Uf, acabo de salir de su piso… aún siento el calor en la piel, el pulso acelerado. Esta noche lo planeé todo. Estaba frente al móvil, chateando con él, y de repente… bum. Me encendí. Sus mensajes calientes me pusieron los pechos hinchados, los pezones duros como piedras. ‘Ven ya’, le escribí. Sin más. Él dudó, pero yo sabía que vendría. Soy así, cuando quiero algo, lo tomo.
Llegó nervioso, con esa mirada de macho que cree controlarlo todo. Ja. Lo empujé contra la pared nada más entrar. ‘Quítate la camisa’, le ordené, voz baja, segura. Sus manos temblaban mientras obedecía. Le até las muñecas con mi bufanda, arriba de la cabeza, contra el cabecero de la cama. ‘No te muevas. Hoy mando yo’. Él sonrió, pensando que jugaba. Error. Me subí encima, a horcajadas sobre su pecho. Mis tetas rozaban su cara, y él jadeaba, queriendo morder. ‘Aún no’, susurré, apretando sus hombros con las rodillas.
La Conquista: Decidí que Caería a Mis Pies
La tensión subía… su polla ya dura contra mis muslos. Moví el culo despacio, rozándola sin dejarlo entrar. ‘¿Quieres esto?’, le pregunté, pasando la lengua por sus labios. Asintió, gimiendo. ‘Pídemelo’. ‘Por favor… fóllame’. Reí bajito. ‘No tan rápido, cariño. Primero, vas a suplicar de verdad’. Bajé una mano, apreté su verga dura, palpitante. La piel caliente, venas marcadas. La masturbé lento, torturándolo. Él se retorcía, ‘¡Joder, déjame!’ Nah. Yo decidía.
Lo volteé boca abajo, culazo arriba. Le separé las nalgas, lamí su ano despacio. Él se tensó, ‘¡Qué coño…!’. ‘Cállate y disfruta’, gruñí. Mi lengua entró, húmeda, caliente. Gemía como loco, polla goteando pre-semen en las sábanas. Volteado de nuevo, le até las piernas abiertas. Me quité el tanga, chorreando ya. Me senté en su cara. ‘Lámeme el coño. Bien adentro’. Su lengua torpe al principio, pero yo la guiaba, moviendo caderas. Clítoris hinchado rozando su nariz. ‘Más fuerte, joder’. Él chupaba, aspiraba mis labios, bebiendo mi flujo. Yo gemía, pero controlaba: ‘No pares o te ato más fuerte’.
El Goce Brutal: Lo Dirigí Hasta el Éxtasis
Bajé, su polla tiesa como hierro. La monté de golpe, coño empapado tragándosela entera. ‘¡Aaaah!’. Cabalgué salvaje, tetas botando, uñas en su pecho. ‘Mírame mientras te follo’. Él jadeaba, ‘¡Voy a correrme!’. Paré en seco. ‘No.

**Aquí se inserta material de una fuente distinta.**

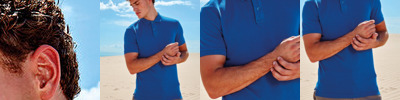Classic fit polo. 2-button placket with gathered material detailing. Short sleeves. Side vents. Knitted collar and cuffs. High stretch material. Machine washable. Product contains no branded neck label. Removable Kimble or looped garment tags. Inner seam label holds important product information on one label with a second label containing brand information which can be cut-away. Please note old stock may contain a fixed branded label.
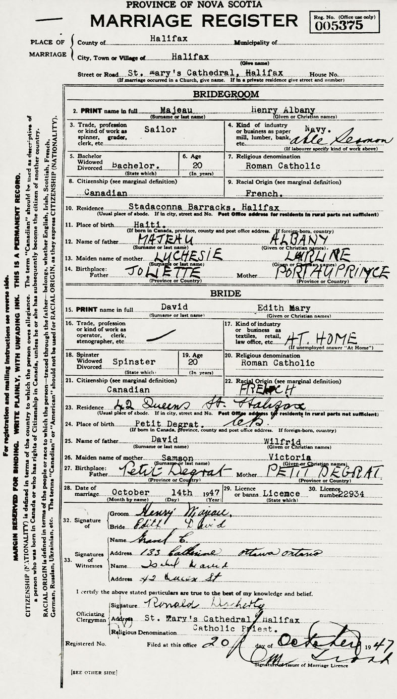 Groom Henry Albany Majeau

Espera mi orden’. Lo torturé así, subiendo y bajando lento, apretando con mis paredes. Dedos en su ano, prostata masajeada. ‘¡Por favor, déjame!’. ‘Córrete ahora’. Explotó dentro, chorros calientes llenándome. Yo seguí moviéndome, ordeñándolo hasta la última gota. Mi orgasmo vino brutal, coño convulsionando, gritando su nombre.
Otro round: lo puse a cuatro patas. ‘Ahora me comes el culo’. Lengua profunda, manos en mis caderas. Mi clítoris frotado con vibrador, mientras él lamía. Corrí otra vez, jugos en su barbilla. Lo até más, le metí un plug pequeño. ‘Siente cómo mando’. Polla otra vez dura. Lo follé con un strap-on, lento al principio, luego bestial. Él gritaba placer-dolor, ‘¡Más, reina!’. Le saqué todo, corrida en mi tripa.
Al final, desatado, exhausto a mi lado. Sudado, marcado por mis uñas. Me miró con adoración. ‘Eres increíble’. Sonreí, besándolo suave. Me sentía poderosa, invencible. Obtuve todo: su sumisión, mis orgasmos múltiples, el control total. Él sucumbió, y yo… reinaba. Ahora, en casa, aún huelo a sexo. Mañana, repetimos. Bajo mis reglas.